— Instructions for the task —
Two lines mark the range in the entries below: the one holding "Per ogni eventuale" and the one holding "- Stainless steel". Set down those two and all lines between them, exactly.

Start of Supplied data

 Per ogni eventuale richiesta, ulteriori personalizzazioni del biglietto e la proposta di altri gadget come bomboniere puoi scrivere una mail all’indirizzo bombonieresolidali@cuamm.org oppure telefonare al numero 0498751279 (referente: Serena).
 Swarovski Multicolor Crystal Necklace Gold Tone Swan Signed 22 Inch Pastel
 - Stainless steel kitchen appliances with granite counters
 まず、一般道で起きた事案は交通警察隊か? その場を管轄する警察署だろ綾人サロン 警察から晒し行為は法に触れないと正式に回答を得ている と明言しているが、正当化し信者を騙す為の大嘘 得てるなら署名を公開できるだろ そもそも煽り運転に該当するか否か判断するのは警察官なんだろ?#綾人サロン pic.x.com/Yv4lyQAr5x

End of Supplied data
Start of Supplied data

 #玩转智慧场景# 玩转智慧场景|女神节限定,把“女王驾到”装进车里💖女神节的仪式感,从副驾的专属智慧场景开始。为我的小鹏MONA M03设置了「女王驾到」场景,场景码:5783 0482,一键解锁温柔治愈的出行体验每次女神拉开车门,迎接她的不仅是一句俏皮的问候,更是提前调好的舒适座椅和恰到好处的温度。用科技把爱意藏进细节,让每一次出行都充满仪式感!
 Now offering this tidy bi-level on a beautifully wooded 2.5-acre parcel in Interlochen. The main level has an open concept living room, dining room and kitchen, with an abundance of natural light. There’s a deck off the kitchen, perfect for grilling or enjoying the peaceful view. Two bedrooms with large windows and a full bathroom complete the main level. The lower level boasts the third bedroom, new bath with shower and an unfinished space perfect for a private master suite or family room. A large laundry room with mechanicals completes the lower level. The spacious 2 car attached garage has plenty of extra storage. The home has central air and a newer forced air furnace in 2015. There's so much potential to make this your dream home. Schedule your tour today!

End of Supplied data

— Reply —
 Per ogni eventuale richiesta, ulteriori personalizzazioni del biglietto e la proposta di altri gadget come bomboniere puoi scrivere una mail all’indirizzo bombonieresolidali@cuamm.org oppure telefonare al numero 0498751279 (referente: Serena).
 Swarovski Multicolor Crystal Necklace Gold Tone Swan Signed 22 Inch Pastel
 - Stainless steel kitchen appliances with granite counters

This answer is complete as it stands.